TASK GOAL: Look through the data below for the line with "Altertavlen beskriver han" and the line with "mahaiak, aulkiak... Baliabideak", then transcribe exactly from the first through the second, leaving out all pictures.

(SUPPLIED DATA)

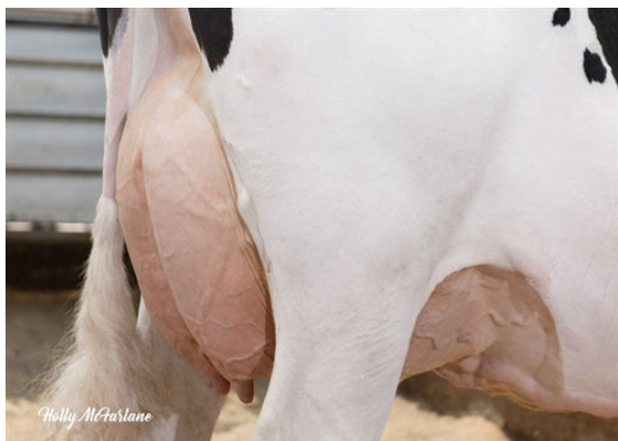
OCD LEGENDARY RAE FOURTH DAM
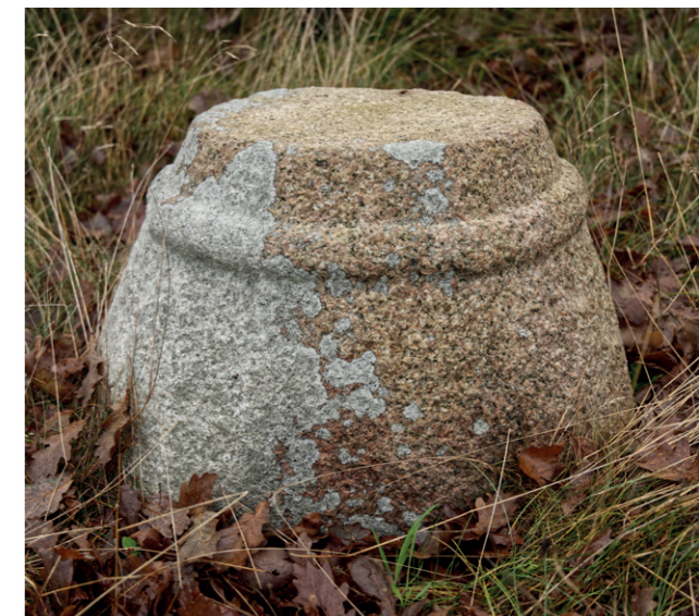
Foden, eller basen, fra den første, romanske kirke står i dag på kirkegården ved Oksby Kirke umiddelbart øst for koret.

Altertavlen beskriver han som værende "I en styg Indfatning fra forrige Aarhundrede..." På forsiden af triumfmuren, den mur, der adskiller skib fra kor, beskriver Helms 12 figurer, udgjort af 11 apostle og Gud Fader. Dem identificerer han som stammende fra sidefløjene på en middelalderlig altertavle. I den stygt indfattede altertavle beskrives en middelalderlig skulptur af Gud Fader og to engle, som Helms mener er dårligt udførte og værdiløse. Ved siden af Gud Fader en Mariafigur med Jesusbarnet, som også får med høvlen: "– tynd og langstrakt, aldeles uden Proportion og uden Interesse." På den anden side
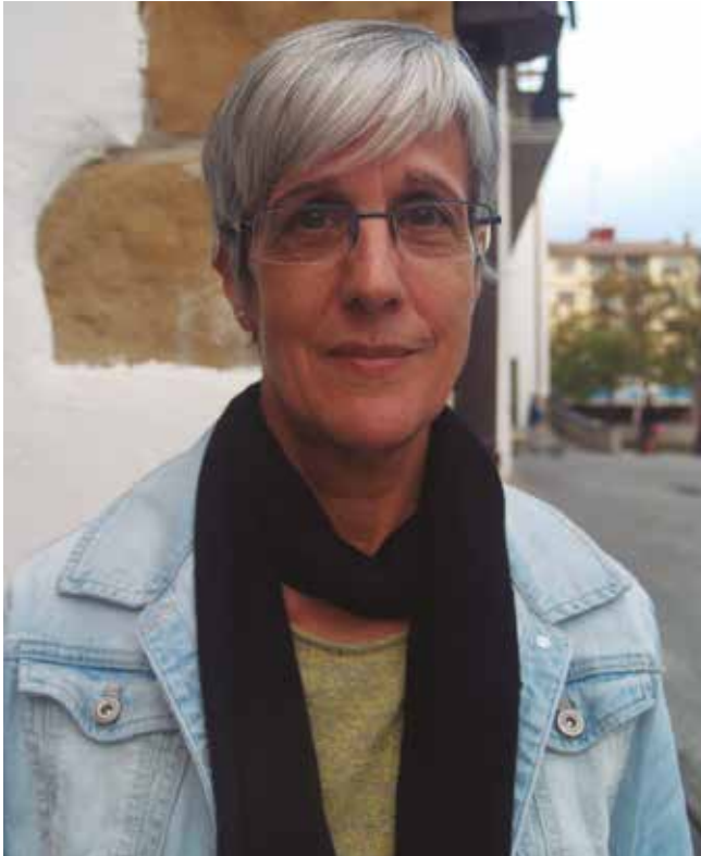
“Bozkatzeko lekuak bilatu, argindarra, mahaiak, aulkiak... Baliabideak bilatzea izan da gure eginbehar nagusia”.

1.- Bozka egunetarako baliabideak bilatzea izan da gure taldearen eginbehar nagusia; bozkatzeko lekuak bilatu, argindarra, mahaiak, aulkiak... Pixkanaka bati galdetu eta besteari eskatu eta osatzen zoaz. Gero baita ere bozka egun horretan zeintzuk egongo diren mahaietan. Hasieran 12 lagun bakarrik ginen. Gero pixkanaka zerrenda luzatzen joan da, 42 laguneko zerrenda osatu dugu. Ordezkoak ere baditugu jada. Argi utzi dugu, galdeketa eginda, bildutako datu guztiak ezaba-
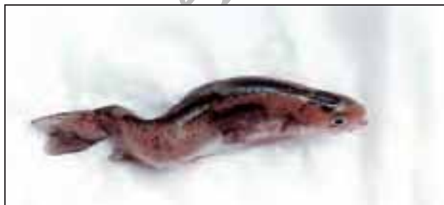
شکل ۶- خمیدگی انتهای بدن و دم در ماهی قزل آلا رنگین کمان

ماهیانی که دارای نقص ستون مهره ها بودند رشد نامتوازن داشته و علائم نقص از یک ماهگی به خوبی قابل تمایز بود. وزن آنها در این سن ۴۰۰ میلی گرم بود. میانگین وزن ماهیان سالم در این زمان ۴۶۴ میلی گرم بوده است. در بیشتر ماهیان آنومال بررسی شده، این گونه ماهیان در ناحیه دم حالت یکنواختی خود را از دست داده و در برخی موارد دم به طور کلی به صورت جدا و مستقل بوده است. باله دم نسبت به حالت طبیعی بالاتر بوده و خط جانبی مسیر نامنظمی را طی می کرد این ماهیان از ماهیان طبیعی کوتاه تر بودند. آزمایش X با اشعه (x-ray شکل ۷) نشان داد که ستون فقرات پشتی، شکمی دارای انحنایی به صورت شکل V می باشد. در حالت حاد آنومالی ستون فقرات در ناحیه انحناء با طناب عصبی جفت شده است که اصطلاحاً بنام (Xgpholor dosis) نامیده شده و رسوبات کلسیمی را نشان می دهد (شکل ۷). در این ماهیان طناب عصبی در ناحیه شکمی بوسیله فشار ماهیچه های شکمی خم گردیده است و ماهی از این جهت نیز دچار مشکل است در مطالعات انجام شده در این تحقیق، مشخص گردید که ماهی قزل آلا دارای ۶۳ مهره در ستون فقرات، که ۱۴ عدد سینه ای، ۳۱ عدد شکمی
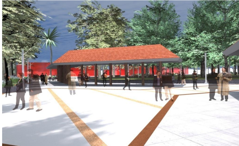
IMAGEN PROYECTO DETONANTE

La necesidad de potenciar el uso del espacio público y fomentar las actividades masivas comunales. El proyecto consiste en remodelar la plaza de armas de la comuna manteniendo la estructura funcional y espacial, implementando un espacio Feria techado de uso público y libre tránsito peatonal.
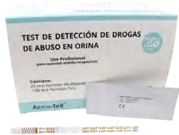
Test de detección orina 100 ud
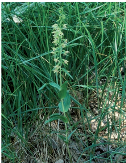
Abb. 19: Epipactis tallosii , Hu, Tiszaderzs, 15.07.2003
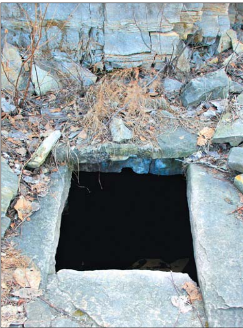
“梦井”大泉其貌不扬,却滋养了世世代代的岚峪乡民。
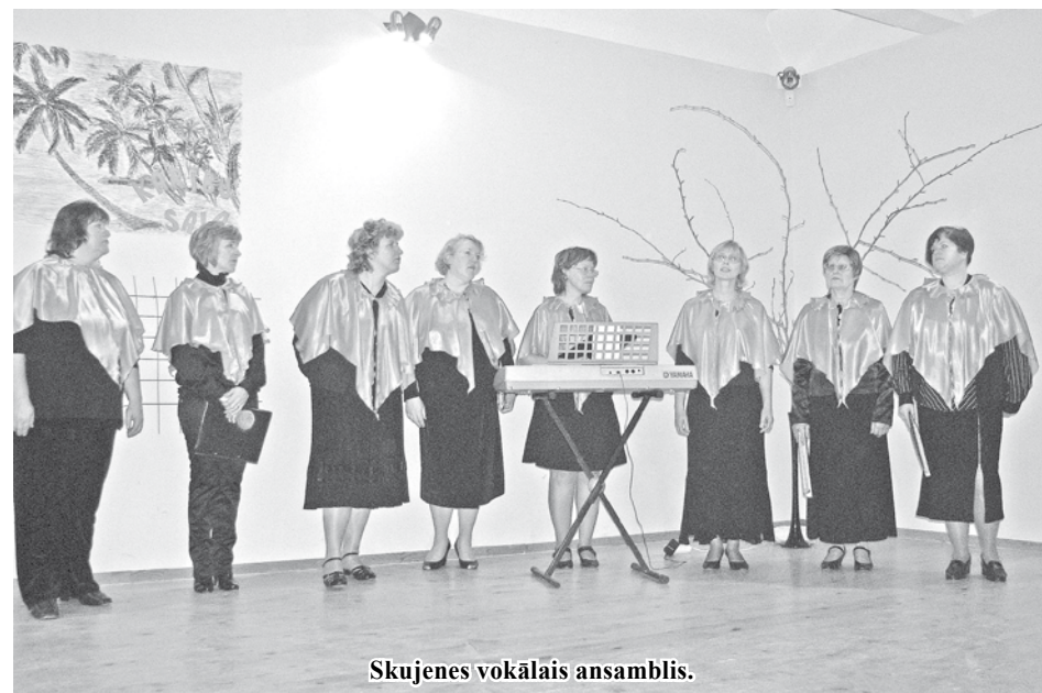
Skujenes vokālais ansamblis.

(End SUPPLIED DATA)

TASK RESULT:
Altertavlen beskriver han som værende "I en styg Indfatning fra forrige Aarhundrede..." På forsiden af triumfmuren, den mur, der adskiller skib fra kor, beskriver Helms 12 figurer, udgjort af 11 apostle og Gud Fader. Dem identificerer han som stammende fra sidefløjene på en middelalderlig altertavle. I den stygt indfattede altertavle beskrives en middelalderlig skulptur af Gud Fader og to engle, som Helms mener er dårligt udførte og værdiløse. Ved siden af Gud Fader en Mariafigur med Jesusbarnet, som også får med høvlen: "– tynd og langstrakt, aldeles uden Proportion og uden Interesse." På den anden side
“Bozkatzeko lekuak bilatu, argindarra, mahaiak, aulkiak... Baliabideak bilatzea izan da gure eginbehar nagusia”.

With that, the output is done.